Boulder airport isn’t need for aerial disaster response
In March 2022, the NCAR fire burned 190 acres and threatened thousands of homes, including mine. I felt the shock of realizing we needed to evacuate.
I share our community’s understanding of the vital importance of emergency response and our immense gratitude to emergency personnel. So here’s some great news!
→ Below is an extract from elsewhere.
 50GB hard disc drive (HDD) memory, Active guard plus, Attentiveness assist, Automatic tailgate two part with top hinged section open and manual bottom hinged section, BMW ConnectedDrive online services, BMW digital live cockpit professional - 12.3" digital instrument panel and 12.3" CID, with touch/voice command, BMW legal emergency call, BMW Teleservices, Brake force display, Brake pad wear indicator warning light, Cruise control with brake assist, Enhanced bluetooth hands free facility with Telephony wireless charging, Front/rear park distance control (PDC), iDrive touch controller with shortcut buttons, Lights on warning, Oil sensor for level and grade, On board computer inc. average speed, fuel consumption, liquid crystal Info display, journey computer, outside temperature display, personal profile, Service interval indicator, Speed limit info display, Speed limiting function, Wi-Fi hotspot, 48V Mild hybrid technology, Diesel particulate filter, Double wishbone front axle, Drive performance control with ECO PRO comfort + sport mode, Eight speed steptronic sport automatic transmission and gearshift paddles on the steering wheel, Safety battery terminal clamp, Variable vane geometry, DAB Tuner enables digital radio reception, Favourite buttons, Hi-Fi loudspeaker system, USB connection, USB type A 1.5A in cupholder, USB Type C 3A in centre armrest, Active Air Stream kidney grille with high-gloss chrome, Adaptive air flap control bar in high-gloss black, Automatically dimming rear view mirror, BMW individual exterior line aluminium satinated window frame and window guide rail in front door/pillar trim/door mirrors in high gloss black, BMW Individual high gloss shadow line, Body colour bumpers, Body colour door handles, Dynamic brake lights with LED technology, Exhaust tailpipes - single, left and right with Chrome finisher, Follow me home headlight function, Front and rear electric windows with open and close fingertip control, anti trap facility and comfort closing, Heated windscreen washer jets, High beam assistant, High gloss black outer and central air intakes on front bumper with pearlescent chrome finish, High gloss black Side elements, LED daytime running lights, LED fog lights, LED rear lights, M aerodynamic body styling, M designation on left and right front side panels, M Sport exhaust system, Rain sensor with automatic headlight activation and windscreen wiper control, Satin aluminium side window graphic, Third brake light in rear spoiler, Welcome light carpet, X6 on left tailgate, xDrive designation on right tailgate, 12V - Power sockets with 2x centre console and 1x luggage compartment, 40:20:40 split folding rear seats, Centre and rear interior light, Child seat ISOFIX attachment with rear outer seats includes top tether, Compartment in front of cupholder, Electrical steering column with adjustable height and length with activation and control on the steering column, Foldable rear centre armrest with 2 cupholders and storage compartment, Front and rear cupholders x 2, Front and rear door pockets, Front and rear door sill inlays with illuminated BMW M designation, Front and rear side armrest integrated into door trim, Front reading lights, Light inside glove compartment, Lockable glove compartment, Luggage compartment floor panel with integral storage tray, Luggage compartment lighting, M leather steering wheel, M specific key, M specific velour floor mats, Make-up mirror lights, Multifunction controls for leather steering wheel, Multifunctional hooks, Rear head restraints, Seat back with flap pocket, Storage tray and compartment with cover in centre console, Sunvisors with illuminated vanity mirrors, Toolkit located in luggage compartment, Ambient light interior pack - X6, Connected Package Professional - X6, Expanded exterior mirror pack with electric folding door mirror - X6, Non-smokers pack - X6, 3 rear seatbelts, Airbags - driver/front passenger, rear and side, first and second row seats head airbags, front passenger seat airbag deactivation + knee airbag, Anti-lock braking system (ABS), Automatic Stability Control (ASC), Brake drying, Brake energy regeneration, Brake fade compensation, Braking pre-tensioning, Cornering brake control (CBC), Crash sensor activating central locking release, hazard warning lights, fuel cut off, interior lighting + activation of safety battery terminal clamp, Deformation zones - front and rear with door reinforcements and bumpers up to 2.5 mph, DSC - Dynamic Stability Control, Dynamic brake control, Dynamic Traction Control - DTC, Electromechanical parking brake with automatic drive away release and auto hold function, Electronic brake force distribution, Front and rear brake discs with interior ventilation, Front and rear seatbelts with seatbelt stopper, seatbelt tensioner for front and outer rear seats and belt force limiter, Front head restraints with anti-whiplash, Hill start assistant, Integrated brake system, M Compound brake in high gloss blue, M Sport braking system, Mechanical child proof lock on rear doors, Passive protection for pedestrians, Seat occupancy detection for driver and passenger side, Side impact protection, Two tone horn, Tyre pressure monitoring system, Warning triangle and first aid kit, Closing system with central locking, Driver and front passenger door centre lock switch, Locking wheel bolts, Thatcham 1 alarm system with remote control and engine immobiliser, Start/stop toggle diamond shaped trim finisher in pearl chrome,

Boulder will retain aerial disaster response capabilities regardless of what we decide to do with the Boulder Municipal Airport site (BDU).
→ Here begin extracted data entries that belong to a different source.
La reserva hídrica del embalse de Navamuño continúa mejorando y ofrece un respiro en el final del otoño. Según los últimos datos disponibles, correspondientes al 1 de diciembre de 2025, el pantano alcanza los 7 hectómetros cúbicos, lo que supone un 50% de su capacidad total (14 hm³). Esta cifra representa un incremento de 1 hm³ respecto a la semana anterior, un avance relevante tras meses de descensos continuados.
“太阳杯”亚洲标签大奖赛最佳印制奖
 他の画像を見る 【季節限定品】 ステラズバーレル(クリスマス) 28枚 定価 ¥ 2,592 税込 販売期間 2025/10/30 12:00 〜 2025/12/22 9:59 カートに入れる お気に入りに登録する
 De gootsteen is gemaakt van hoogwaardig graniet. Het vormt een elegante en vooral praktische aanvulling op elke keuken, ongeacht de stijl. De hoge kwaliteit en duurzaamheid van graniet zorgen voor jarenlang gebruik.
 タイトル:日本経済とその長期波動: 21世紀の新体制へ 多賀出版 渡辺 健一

As an organizer of the Boulderairportpetition.net, which calls for repurposing the 179-acre BDU site as beautiful new Boulder neighborhoods, I helped to ensure that our petition supports ongoing helicopter staging for emergency use at the site. BDU is used by helicopters for emergency medical, flood and fire response.
Fire-fighting planes, on the other hand, do not need BDU. Take it from Boulder Airport Manager, John Kinney, who told Boulder City Council on January 12, 2023, that planes that carry fire retardant are generally too big to use the Boulder airport’s runways, and instead use Rocky Mountain Metro Airport in Broomfield that has a fire retardant dispensing and mixing station. Or the City of Boulder’s wildland fire division chief, Brian Oliver. As described in a Boulder Reporting Lab article from July 17, 2023, “air tankers, which are planes that carry suppressant to put out fires, are based at the Rocky Mountain Metropolitan Airport. Oliver said the Boulder airport is useful for helicopters when fighting wildfires, but not necessary.”
Boulder is at a crossroads considering whether to repurpose the BDU site for beautiful mixeduse, mixed-income neighborhoods including sorely needed affordable housing. We at the Boulderairportpetition.net are proud to support continuing emergency helicopter uses in Boulder, at this site, no matter what the future holds.
I have lived in Boulder since 2008. I’m writing in my personal capacity.